In the late 1990s and early 2000s, when an entire cottage industry of self-appointed financial gurus seemed to come out of the national woodwork, it appared as if the experts knew only one way to describe the mortgage rates.

“All-time low” said the impeccable-looking, pearl necklace and pencil skirt realtor-type that happened to be hosting the local news’ consumer report segment. “All-time low” said the friendly local loan officer, offering a candid smile from behind his wood-paneled steel desk and bowl of M&Ms.

“ALL-TIME LOW!” screamed the flyers from the mortgage broker that seemed to litter the floor of every mall food court in America. “All-time low,” said the advice columnists in the papers and the magazines and the blogs. “All-time low” jiggled the letters on the seizure-provoking, insufferable pop-up ads with the dancing monkeys.

“All-time low” became the national mantra, present in every cocktail conversation and every other interstate billboard, and for good reason: the rates were falling. 7.1, 7, 6.9, 6.8. Every week people watched the news or read the paper in anticipation of what had become the great national countdown, at the end of which, like all great national countdowns, there’d presumably be some kind of epic party with screaming and confetti and champagne and making out. Or at least monkeys being shot into space.

Today, Freddie Mac released the same survey it’s released every Thursday from time immemorial noting the average rate on a 30-year fixed home mortgage had fallen to a (you guessed it) all-time low of 3.94 percent.

So what happened to the brokers and the Vaseline-shine teeth news anchors telling everyone about it? Why isn’t everyone running to the bank, wrestling the nearest loan officer into submission to get them to sign off on the refinance? Where are the monkeys?

In a cruel, sad statement of our current economic troubles, the vast majority of American borrowers can’t take advantage of the new low rates. Like a tweaking meth-head with a shiny new Allen wrench, banks have tightened, tightened, tightened their credit standards, simultaneously choking off the consumer economy and thumbing their noses at the government, who showered them with trillions in the hopes of increasing liquidity.

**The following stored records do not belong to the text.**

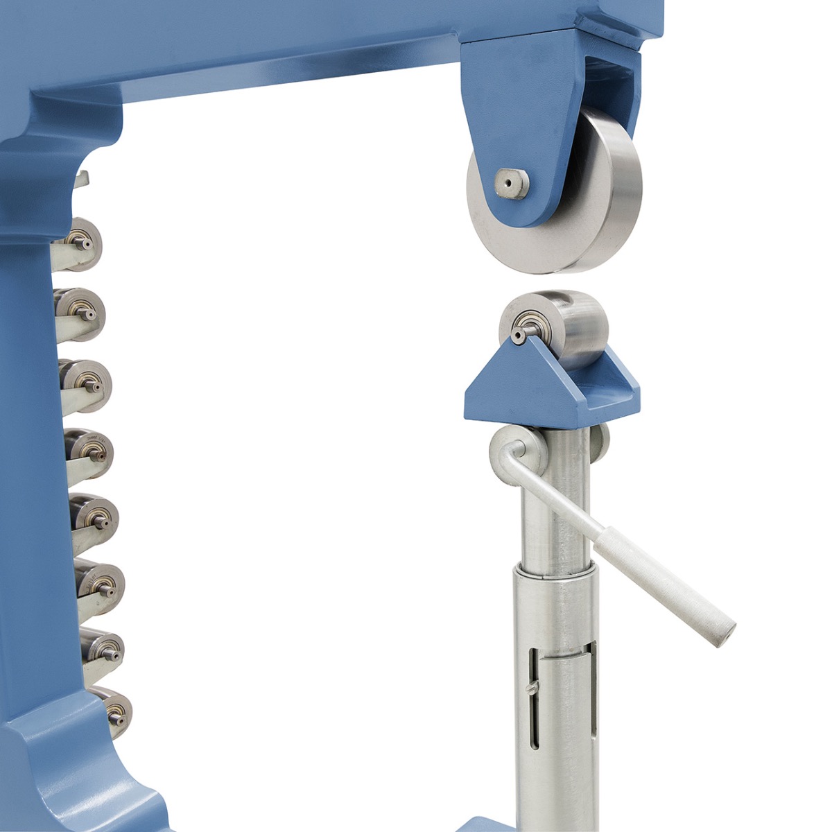 Einfaches Einstellen der unteren Formrolle mittels Fußrad.
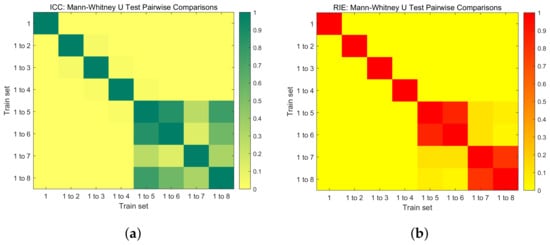 Mann–Whitney U test pairwise comparisons. (a) ICC: Mann–Whitney U test. (b) RIE: Mann–Whitney U test.
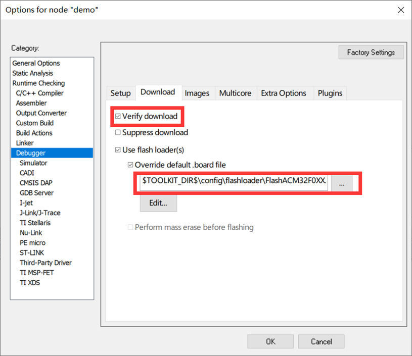 ? 將其余 4 個文件放置于 IAR 的安裝目錄的\arm\config\flashloader下
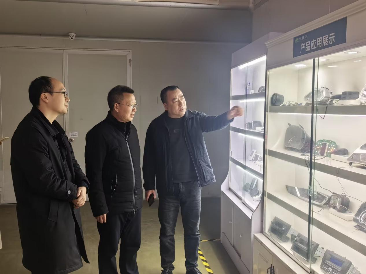 (刘长江一行参观乐仕达产品陈列室)

Consumers have been turned down for loans so many times, they’re not even asking for them any more. Data from the Mortgage Brokers association released yesterday shows a drop of 4.3 percent in new applications compared to a week ago. Refinance applications were down by 5.2 percent. More generally, the G.19 report released by the Fed in mid-September shows consumers are borrowing less across all categories, the one exception being students taking out federal student loans.

The moment, where an interference in market dynamics leads to a disparity in the supply-and-demand equilibrium, is unprecedented.

Well, not so unprecedented. There was that time in 2008 when, in spite of new discoveries of crude supply outpacing the increase in demand, a barrel of oil peaked at nearly $130, courtesy the Goldman Sachs-engineered manipulation of the commodities market. There was also that time in the late 1990s, when, in spite of record charitable giving to Sudan, warlords caused tens of thousands to die of hunger in that country.

There are examples farther back. Remember reports from the early days after the fall of communism, when cameras caught East Germans walking wide-eyed through West Berlin supermarkets, only to be unable to buy anything because no one knew what their currency was now worth? Remember stories from the Great Depression, about farmers unable to find buyers leaving crops to rot on the fields while people nearly starved in the city?

So, you see, it’s happened before.

In all fairness, it might seem like these “water, water, everywhere and not a drop to drink” examples are a bit dramatic. But before I turn to pondering, as some have recently done, whether our current situation is more like the Great Depression of the 1930s or the Long Depression of the 1870s, I'll note that drama befits the state of things today. Remember where you heard it first: we’re at an all-time low.